Se frequentate le segreterie scolastiche in questo periodo vi capiterà di sentire Another Brick In The Wall come sottofondo musicale agli sfoghi di rabbia, agli screzi, agli improperi e agli sbotti isterici del personale amministrativo spesso sottodimensionato che, in una manciata di giorni, si fa in quattro per rimettere in moto una delle macchine organizzative più complesse del mondo e che, a fronte di funzionalità dimenticate o bug nativi dei programmi utilizzati, necessita di supporto. Non c’è tempo per smanettare o andare per tentativi. Questo induce all’assistenza che, sotto il tiro simultaneo di migliaia di scuole, lascia in attesa senza tanti complimenti il personale bisognoso e Another Brick In The Wall, trasmesso in viva voce, va avanti per ore. Il perché della scelta di questo brano non ve lo sto nemmeno a dire. Il mondo va così: si parla di vittorie e mettiamo “We Are The Champions”, si parla di finanza e mettiamo “Money”, si parla di scuola e mettiamo “Another Brick In The Wall”.

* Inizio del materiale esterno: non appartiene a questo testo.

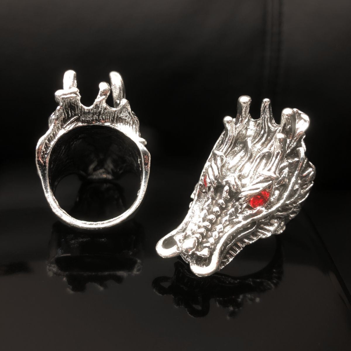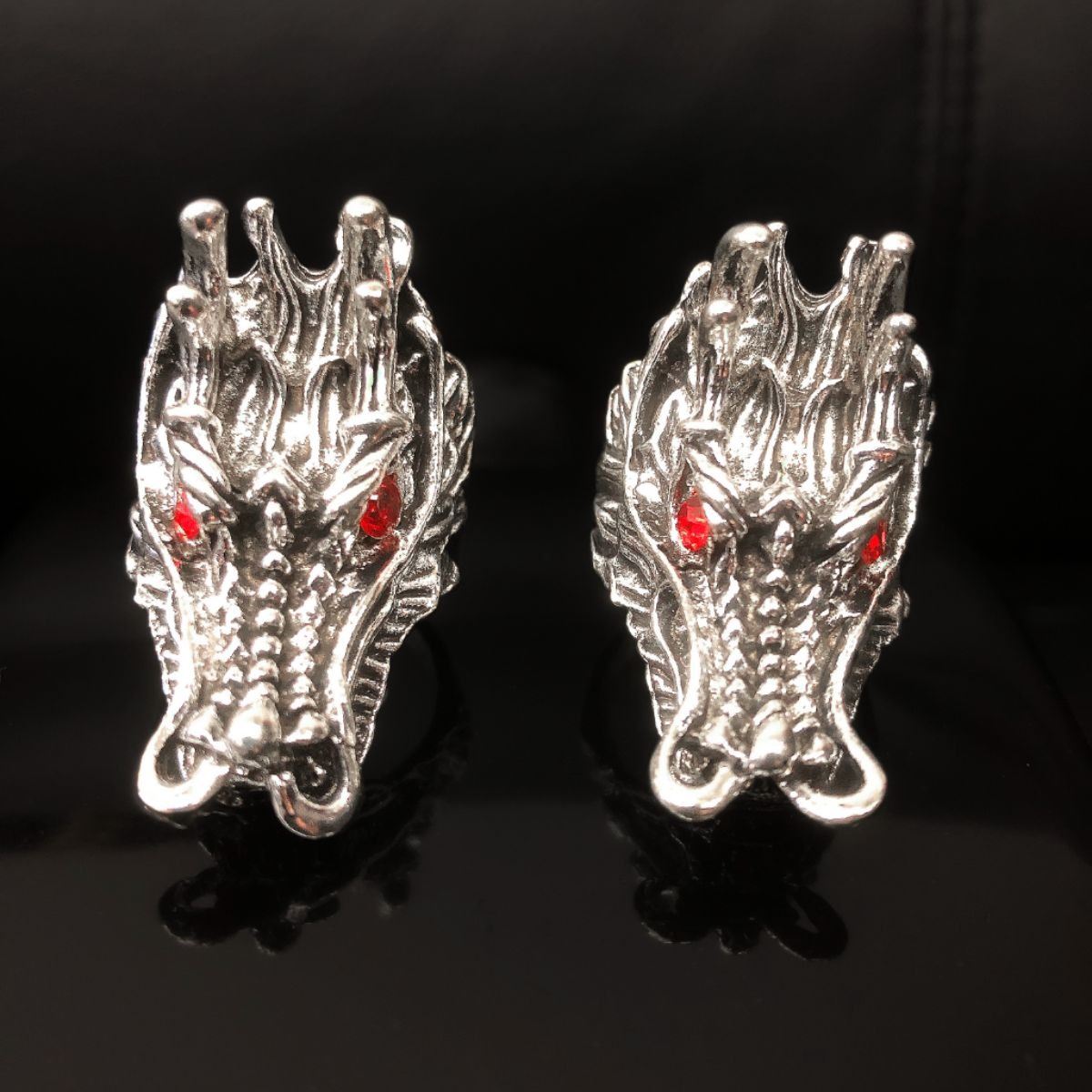 2 Large Exquisite Chinese Miao Silver Handmade Red Eye Dragon Head Rings, Great Attention To Details. Comes with box. See Photos for further inspection. Â
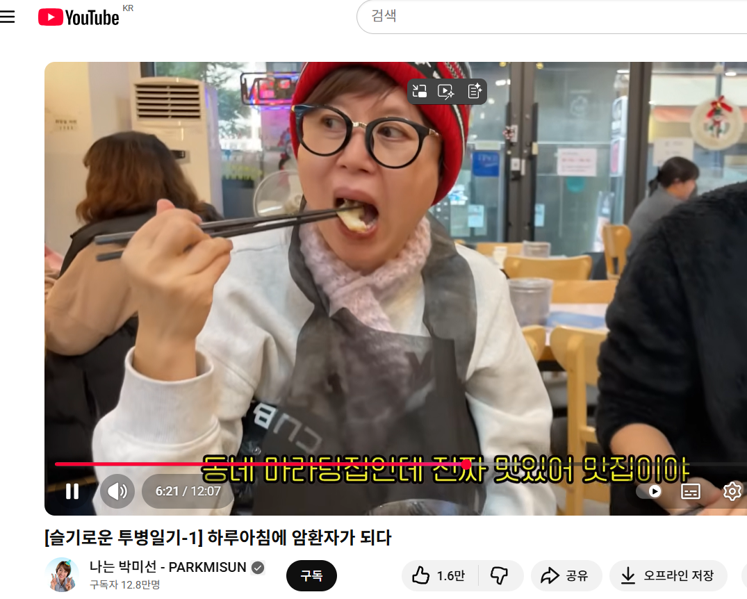 건강검진에서 유방암을 발견한 건 2024년 말. “하루아침에 암 환자가 됐다”는 말이 얼마나 큰 충격이었을지, 그 심정이 영상에서도 고스란히 느껴지더라고요. 하지만 박미선 씨는 당황함 속에서도 바로 치료를 선택했고, 2025년 1월부터 항암을 본격적으로 시작했다고 해요.

Il punto è che i servizi di centralino spesso non prevedono la possibilità di impostare un brano musicale dall’inizio alla fine, e l’edit a cui siamo esposti, focalizzato sui versi più significativi del celebre concept dei Pink Floyd – non abbiamo bisogno di istruzione! Hei, maestro, lascia in pace i bambini! – ci sottrae a uno dei soli di chitarra più riconoscibili del mondo, restituendo un’esperienza parziale di ascolto attraverso un loop che non rende giustizia alla sua portata dirompente. La musichetta di attesa arriva a un punto, poco dopo il primo ritornello, e poi riparte da capo, “We don’t need no education” eccetera eccetera, con una vocina beffarda che avvisa che sarai il prossimo a essere servito secondo però una cognizione del tempo ampiamente arbitraria.

La qualità della vita della prima settimana di scuola dopo i cinque mesi di vacanza di cui beneficiamo potrebbe essere quindi soggetta a una maggiore cura, e non mi riferisco solo all’effetto audio da scatoletta dei telefoni fissi di una segreteria di una scuola nell’Italia meloniana. Gli uffici sono rigorosamente privi dell’aria condizionata, alla faccia della ripresa e della resilienza, e i docenti che danno una mano ai pochi amministrativi sopravvissuti alle nomine ancora da fare e ai colleghi che si danno malati per evitare l’onda d’urto dei primi giorni si spartiscono pizze consegnate a domicilio nel cartone unto (la mia rigorosamente salsiccia e friarielli) e lattine mignon di bevande gassate acquistate a pochi centesimi al distributore in sala docenti. Il tutto a scapito della didattica: configurare le piattaforme digitali, sistemare i danni che i precedenti impiegati hanno procurato prima di beneficiare del trasferimento a Pozzuoli o altri borghi meloniani del sud che ci invidia tutto il mondo, spostare monumentali armadi stipati di materiale obsoleto e aggiornare firmware a dispositivi digitali sottrae energie al nostro core business, che è l’educazione dei vostri figli.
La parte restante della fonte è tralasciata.